DATA EXTRACT START
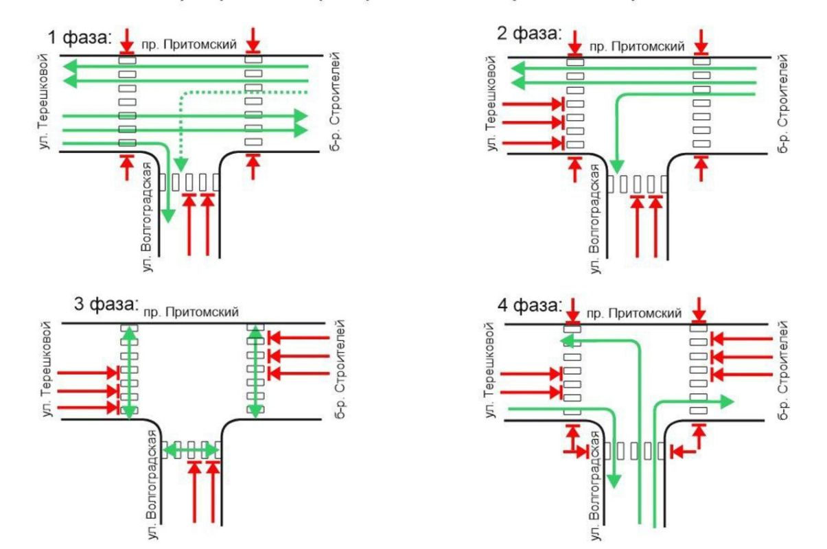 Теперь в первую фазу машинам разрешено ехать по Притомскому проспекту в обоих направлениях, а во вторую фазу движение авто возможно по Притомскому проспекту от бульвара Строителей. В третью фазу пешеходы могут пройти через Притомский проспект и Волгоградскую улицу, в четвертую фазу машины поедут по Волгоградской с дополнительной стрелкой направо с Притомского.
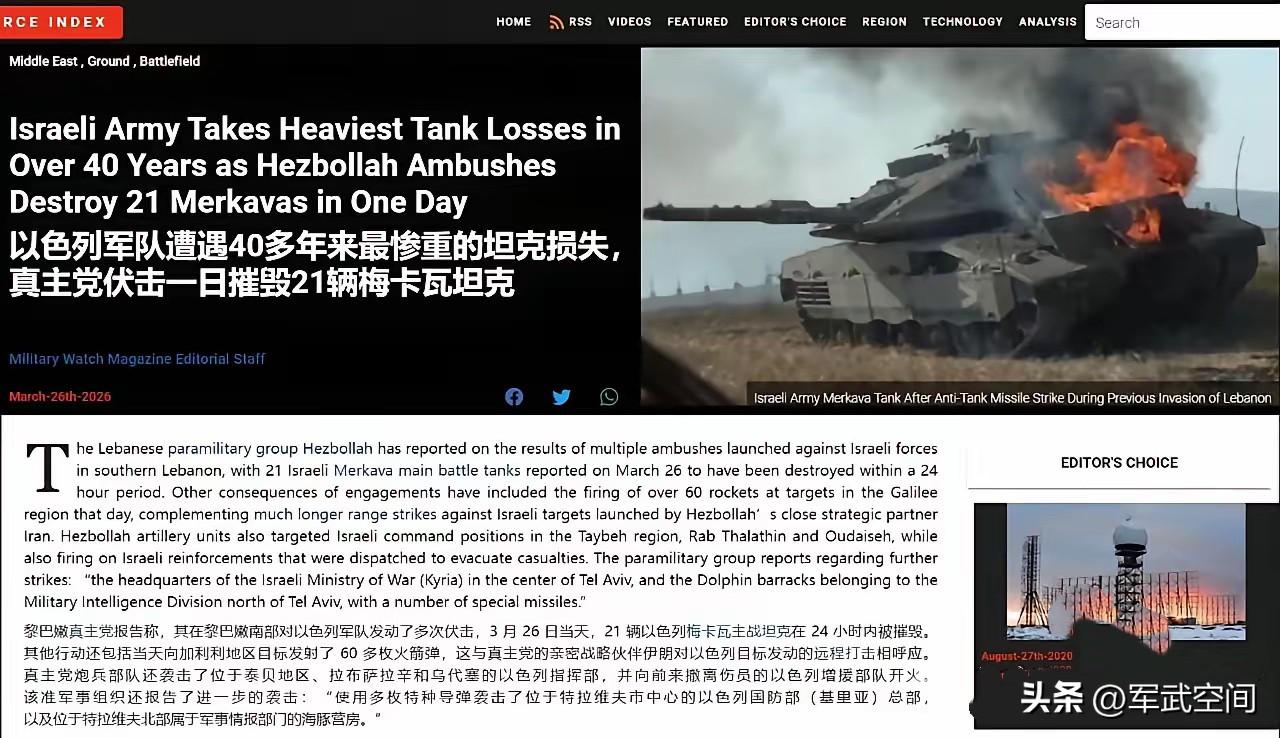 以色列单日损失21辆梅卡瓦主战坦克。 援引央视报道,以色列军队3月26日坦克损失21辆,打破了自1982年以来,单日坦克最大战损记录。黎巴嫩真主党装备有无人机以及先进的反坦克导弹,这是哈马斯武装力量不能比拟的。 据网络消息显示,自以色列武装对黎巴嫩执行地面打击任务的12天内,共计134辆“梅卡瓦”主战坦克被击毁,几乎每天都有近10辆以色列坦克被炸。
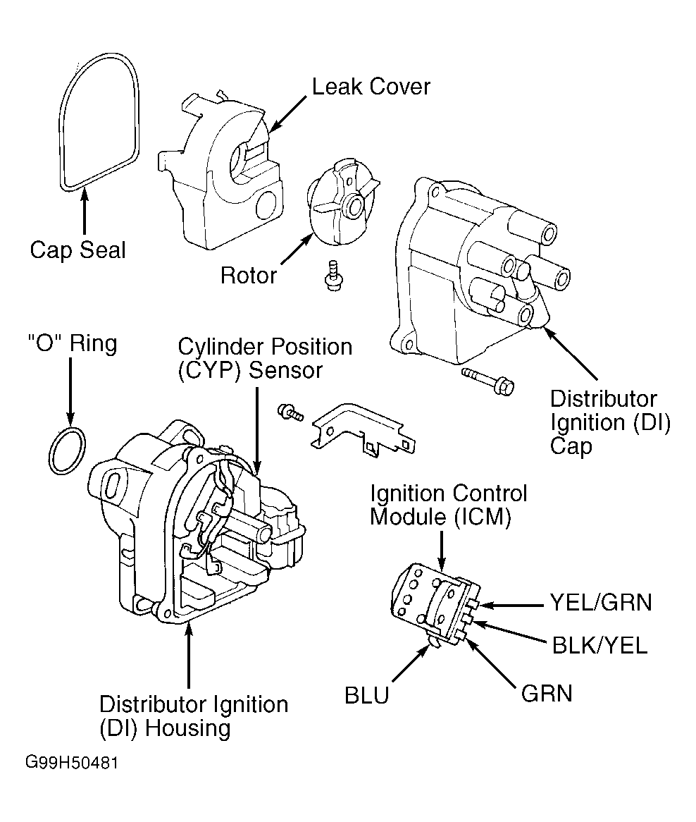 If MIL comes on, check for Diagnostic Trouble Codes (DTCs). See appropriate SELF-DIAGNOSTICS article. Before preforming IGNITION CONTROL MODULE INPUT TEST, ensure ignition, fuel and emissions systems are operating properly. Ignition Control Module (ICM) is located in distributor housing. See Figure-Figure
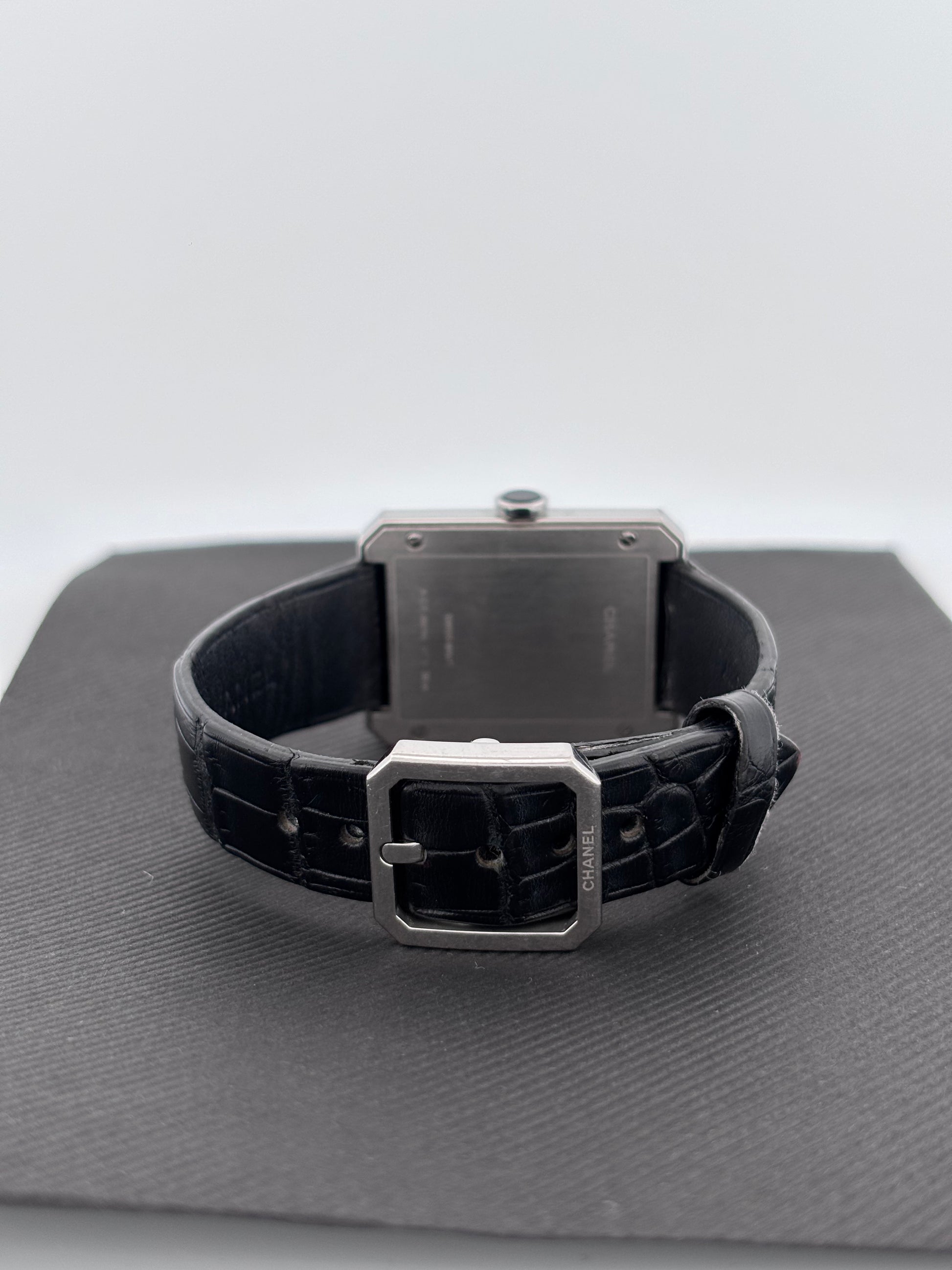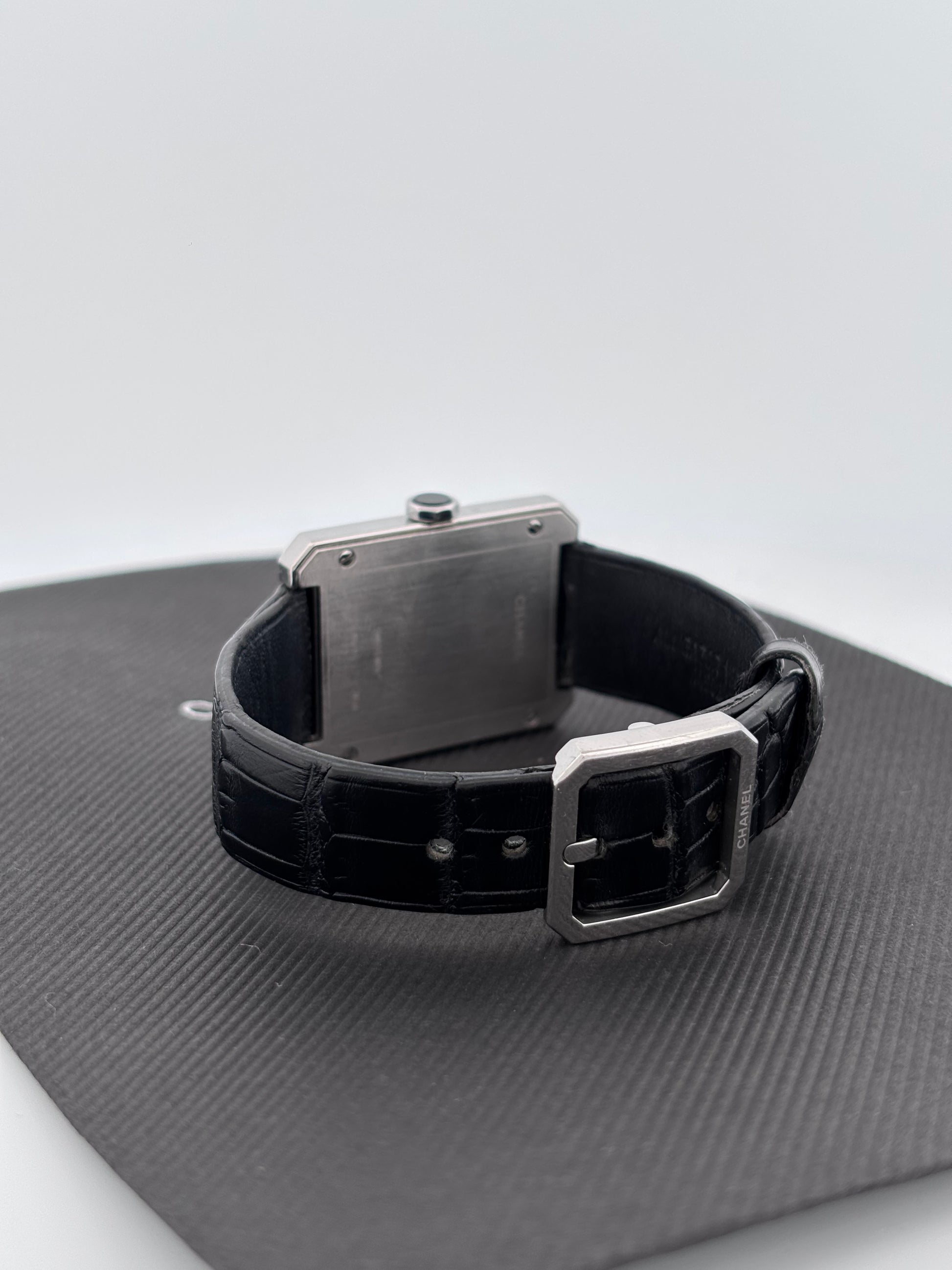 - Bracelet : Cuir alligator noir, boucle ardillon signée Chanel
DATA EXTRACT END
### WHAT IS BEING ASKED
The answer must repeat every line of the listing exactly and leave the pictures out.

### EXERCISE RESULT
 Теперь в первую фазу машинам разрешено ехать по Притомскому проспекту в обоих направлениях, а во вторую фазу движение авто возможно по Притомскому проспекту от бульвара Строителей. В третью фазу пешеходы могут пройти через Притомский проспект и Волгоградскую улицу, в четвертую фазу машины поедут по Волгоградской с дополнительной стрелкой направо с Притомского.
 以色列单日损失21辆梅卡瓦主战坦克。 援引央视报道,以色列军队3月26日坦克损失21辆,打破了自1982年以来,单日坦克最大战损记录。黎巴嫩真主党装备有无人机以及先进的反坦克导弹,这是哈马斯武装力量不能比拟的。 据网络消息显示,自以色列武装对黎巴嫩执行地面打击任务的12天内,共计134辆“梅卡瓦”主战坦克被击毁,几乎每天都有近10辆以色列坦克被炸。
 If MIL comes on, check for Diagnostic Trouble Codes (DTCs). See appropriate SELF-DIAGNOSTICS article. Before preforming IGNITION CONTROL MODULE INPUT TEST, ensure ignition, fuel and emissions systems are operating properly. Ignition Control Module (ICM) is located in distributor housing. See Figure-Figure
 - Bracelet : Cuir alligator noir, boucle ardillon signée Chanel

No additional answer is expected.